Maybe someone could make one that is engine specific by popular control line engines.
Maybe, but we have already been doing what you really need to know, essentially, publishing various complete setups with all the necessary details. Even for a particular engine, it depends on a lot of other factors. I have extensively run two different systems on the 40VF, the original first-generation system that uses a 12-3.25 Bolly 2-blade depitched from a 12-6, and Paul Walker's, which uses a 11.3-4.25 which uses a cut-down 11.75-4.25 Bolly. Never mind that neither of these props are easily available today, but the rest of the system and the way it operates is completely different.
Change the venturi by .005, and you might want a different prop or a completely different everything else. My system runs significantly differently if it uses Powermaster RO-Jett 10%, Powermaster "Air" 10%, and won't run properly at all on Powermaster GMA 10%, to the point that I adjust the percentage of each fuel type to get the run I want. If I go to Tucson, I run Powermaster YS 20/20, along with .35" of additional pitch.

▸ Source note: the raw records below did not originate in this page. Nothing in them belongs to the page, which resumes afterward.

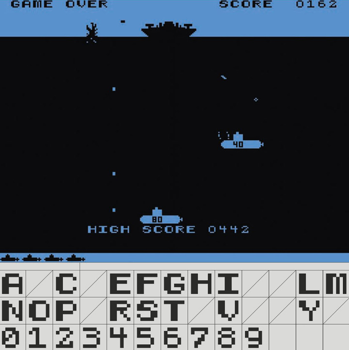 Tehkan 是另一款有着重要地位的街機遊戲字體,由聖迭戈的遊戲製作商 Gremlin 設計,在 1977 年發佈的街機遊戲《深水炸彈》(Depthcharge)中初次亮相。
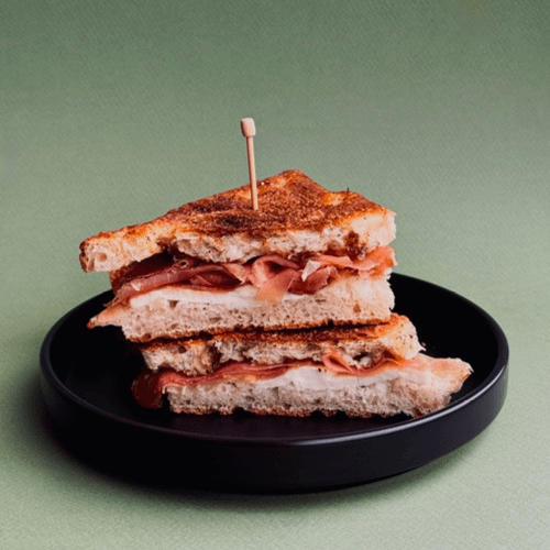 Truffle spread, mortadella with pistachio, arugula on Sourdough bread
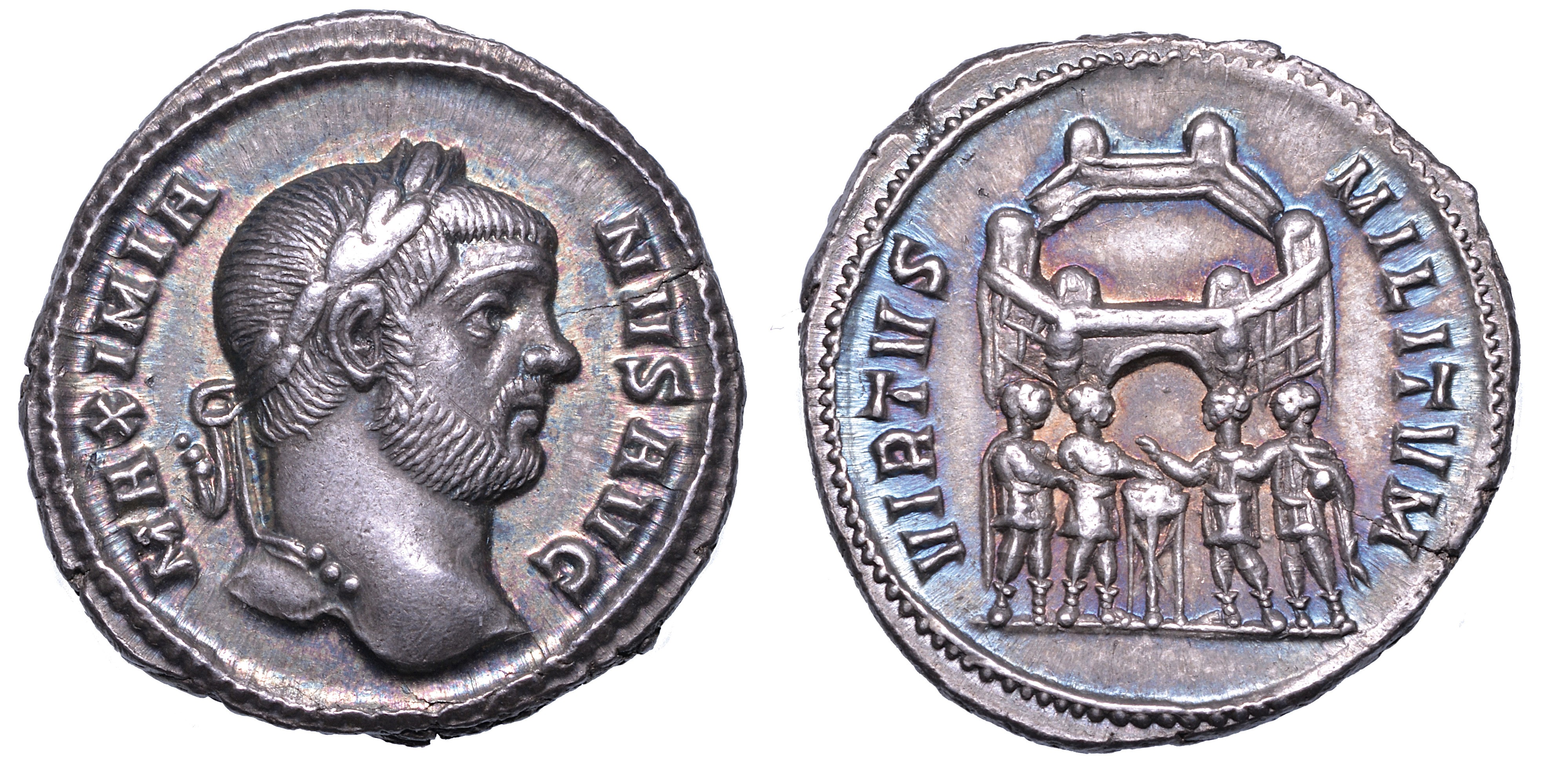 Testa laureata d. R/ Mura fortificate turrite con i quattro tetrarchi che giurano sul treppiede. Coh. 622. Sisak 12a. RIC 32b. g. 3,09. Diam. mm. 17,87. Arg. Bellissima patina iridescente. Impercettibile e consueta frattura di conio. Esemplare estremamente gradevole. SPL
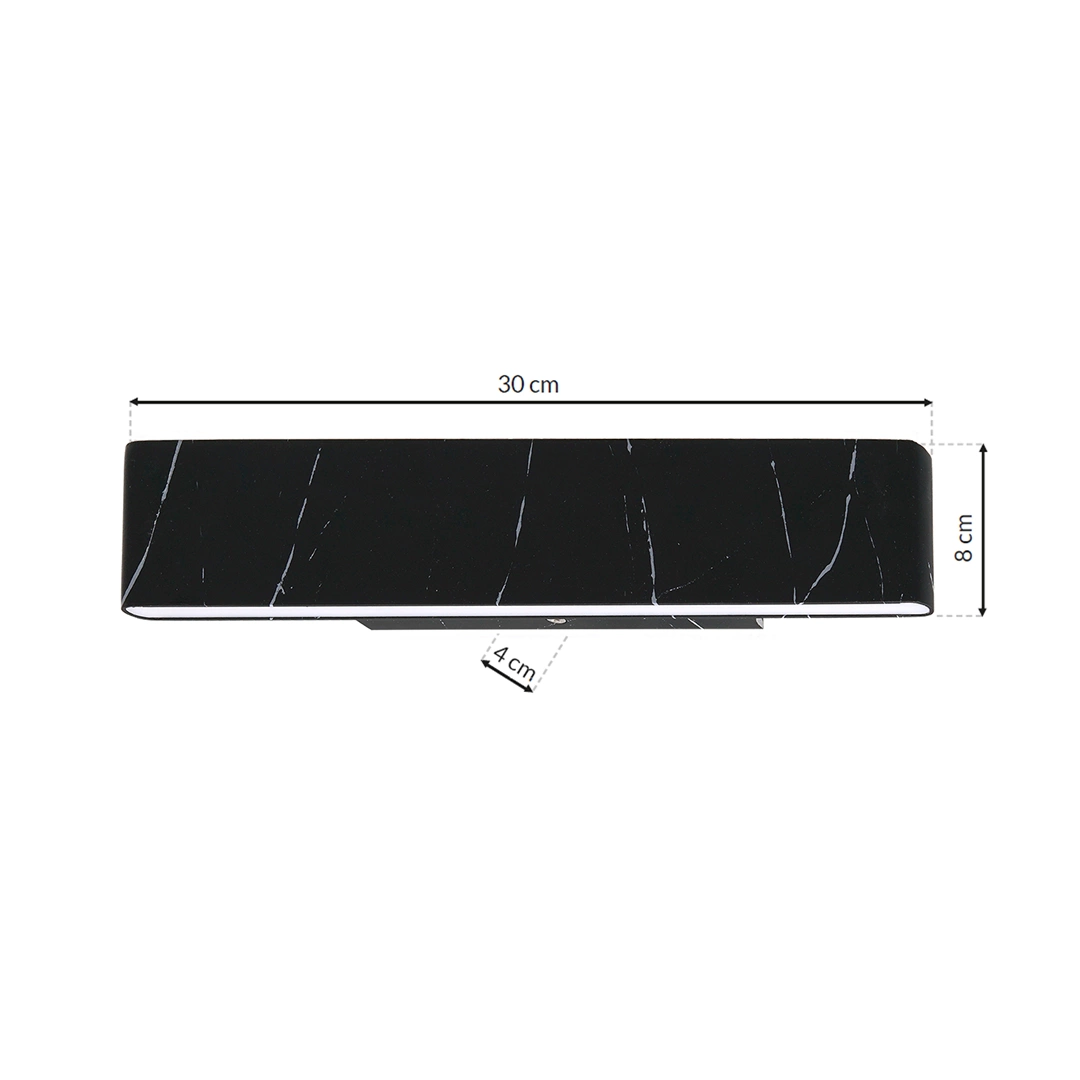 PIERCE BLACK ML6471 to lampa ścienna w nowoczesnym stylu. Wykonana została z wysokiej jakości metalu i tworzywa sztucznego w kolorze czarnym. Klosz lampy stanowi podłużna belka z tworzywa sztucznego imitującego marmur. Lampa doskonale będzie się prezentować w każdym pomieszczeniu. Może stanowić uzupełnienie lamp wiszących tej serii jak i być oddzielnym elementem wystroju wnętrza. Wysokość kinkietu to: 8 cm, szerokość 30 cm, głębokość 4 cm. Źródłem światła jest wymienny moduł 12W LED 720lm 4000K. Źródło światła dołączone w zestawie.

So you have to specify all the relevant parts. There have been multiple examples of that, including the SN article that delineated most of the current competitive systems in exquisite detail. If you haven't seen your chosen combination, then it's probably because not enough people with the right kind of knowledge have used it and come up with something they know will work.
I ran a os35FP iron-liner engine in the ST46 era, but I didn't run it enough to determine if it was as good as you could do, or whether it was repeatable from engine to engine, so I would never post my notes on it. This is the case with most of the vintage and erzatz engines people come up with, like (for example purposes only) a Brat 28. It runs OK, but as far as I know, no one with the necessary knowledge has ever attempted to develop a system for it. Maybe it's the best stunt engine ever and will make us all forget about the PA75, but we will never know that unless people with the necessary knowledge spend a lot of time working on it. And no, you CANNOT make a fair evaluation of 6 different engines in an afternoon (since there is a moderately well-known engine reviewer who does/did exactly that). It takes months or years of careful work.

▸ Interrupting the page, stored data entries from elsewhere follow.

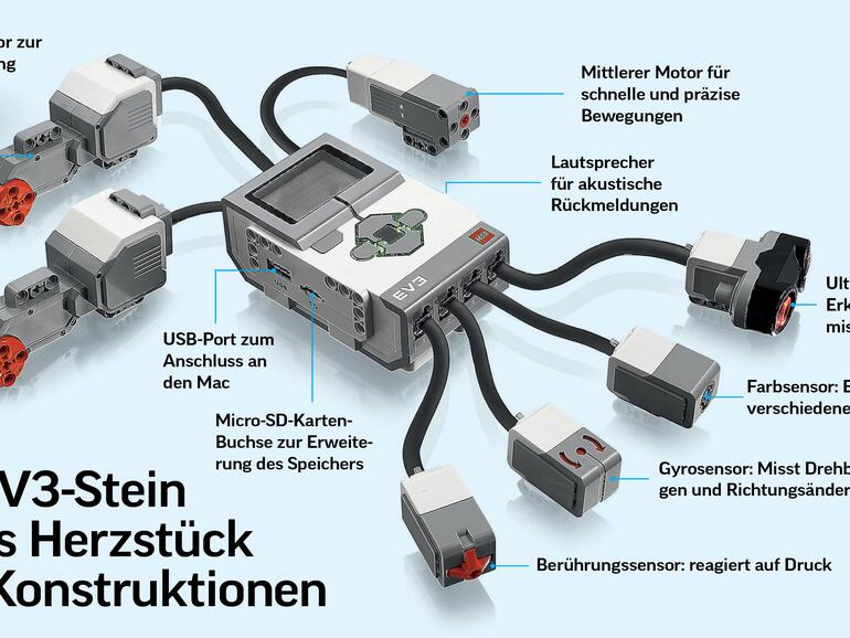 Der Legostein EV3 ist seit September 2013 in Deutschland erhältlich. Er ist die dritte Evolutionsstufe nach dem NXT und dem ersten RCX. Vom NXT gab es auch eine 2.0. Computer-gesteuertes Lego gibt mehr oder weniger seit 30 Jahren. Die programmierbaren Legosteine RCX – das steht für „Robotics Invention System“, also Roboter und Erfinden – kamen 1998. 2006 tauchte der NXT – englisch „next“, also der Nächste – auf. Seit 2013 gibt es den EV3 und für den EV3 seit dem November 2015 eine iOS-App, mit der der Lego-Block am iPad programmiert werden kann.
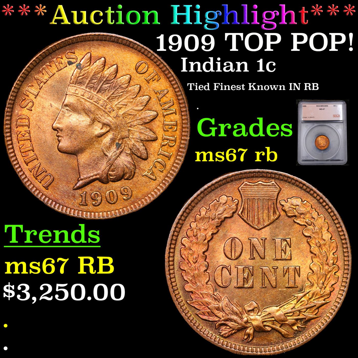 ***Auction Highlight*** 1909 TOP POP! Indian Cent 1c Graded ms67 rb BY SEGS. A Corey's Pick, Bid to Win, Don't let it get Away, you might not find its equal Coin. I give this coin my highest recommendation
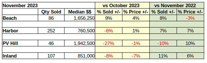 Compared to November of 2022, both sales volume and median price climbed by 7% last month. This is the second month of solid upward figures for residential home sales in the Harbor area. Sales figures for the area have been in red ink since the beginning of the year, so these are welcome statistics for home owners wishing to sell.

BTW, in case this seems like a modern development, even when such things were published in the 50's-60's, when all engines were attempts to recreate the Fox 35, it still wasn't right or very useful and had similar problems. If you look in the "35" slot you would see "9x5-10x6", and if anyone thinks those provide equivalent performance on, say, a Nobler, then you need to go out and try it and find out for yourself. Similarly, a Y&O 10x6 and a Top Flite 10x6 were hardly equivalent, either.
Generally, you run 4" of pitch or so on modern engines, and 6"ish on vintage and "retro" engines, with correspondingly different launch RPM.
Brett
p.s. another factor is the fact that in the good old days, the engines varied so much from example to example that you couldn't realistically come up with one system that someone else could reliably repeat - meaning that publishing the setup didn't make any difference, or at best only gave you a notion what to do with *your* particular engine. Most of the current modern engines are also dead-nuts repeatable from copy to copy, and if you set up your engine the way David does, it's probably going to run the same way.